How can protein-protein interactions of ZNF367 be studied?

Investigating ZNF367 protein-protein interactions requires sophisticated methodological approaches:

• Co-immunoprecipitation (Co-IP): Using ZNF367 antibodies to pull down protein complexes, followed by mass spectrometry analysis to identify interaction partners

• Proximity labeling techniques (BioID or APEX): Fusing ZNF367 to a biotin ligase to identify proteins in close proximity

• Yeast two-hybrid screening: To identify direct protein-protein interactions

• FRET (Fluorescence Resonance Energy Transfer) or BiFC (Bimolecular Fluorescence Complementation): To visualize protein interactions in living cells

These techniques can help elucidate the molecular complexes formed by ZNF367 during its function as a transcription factor and cell cycle regulator. Understanding these interaction networks is crucial for deciphering the mechanisms by which ZNF367 controls cellular processes.

What are the technical considerations for ZNF367 antibody storage and handling?

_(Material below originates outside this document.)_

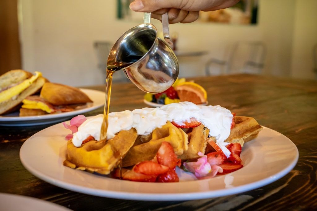 Who knows how that stuff happens, but during soccer season, just know that the place will be jam-packed. You should also know that Cafe Sintra is no secret. Every local knows about this place, and the tourists quickly catch on that this is the place to come for the best breakfasts and lunches in Sunriver. So really, no matter when you go, there’s sure to be a crowd. Thankfully, it’s light and airy inside and bigger than it looks from the outside. It has a real farmhouse style to it.

Proper storage and handling of ZNF367 antibodies is critical for maintaining their functionality:

• Storage temperature: Store at -20°C for long-term storage

• Short-term storage: 2-8°C for up to one week

• Aliquoting: Divide into small aliquots to prevent freeze-thaw cycles

• Buffer composition: Typically provided in 1x PBS buffer with 0.09% sodium azide and 2% sucrose

• Safety precautions: Contains sodium azide, which is hazardous and should be handled by trained staff only

Researchers should avoid repeated freeze-thaw cycles as this can degrade antibody quality and reduce specificity and sensitivity. Following manufacturer guidelines for specific antibody formats (unconjugated, FITC-conjugated, biotin-conjugated) is essential for optimal experimental results.

How does ZNF367 function relate to aging processes?

ZNF367 has been identified as an age-regulated gene that represents a central node in gene co-regulation networks during aging. Global population aging is a major social and economic challenge, and the progressive decline in physiological functions affects all organs, including the brain. The age-related incidence of neurodegenerative diseases coincides with the decline of adult neural stem cells. ZNF367's expression decreases with age, which correlates with its role in embryonic neurogenesis . This suggests that ZNF367 may be involved in the maintenance and repair of neuronal function throughout life, opening new avenues for investigation in adult neurogenesis and potential therapeutic approaches for age-related neurodegenerative conditions.

What experimental model systems are most appropriate for ZNF367 research?

Based on current research, several model systems have proven valuable for ZNF367 research:

• Xenopus laevis: Extensively used for developmental studies, allowing targeted knockdown in the CNS without affecting other tissues. The conservation of ZNF367 between human and Xenopus (66% identity at amino acid level) makes this a relevant model for functional studies .

• Human cell lines: Particularly cancer cell lines like MDA-MB-231 and SKBR3 have been used to study ZNF367's role in cancer progression .

• Neural stem/progenitor cells: Appropriate for studying ZNF367's role in neurogenesis and cell cycle regulation.

The choice of model system should be guided by the specific research question, with Xenopus being particularly useful for developmental studies and human cell lines for cancer-related research or for analyzing human-specific functions of ZNF367.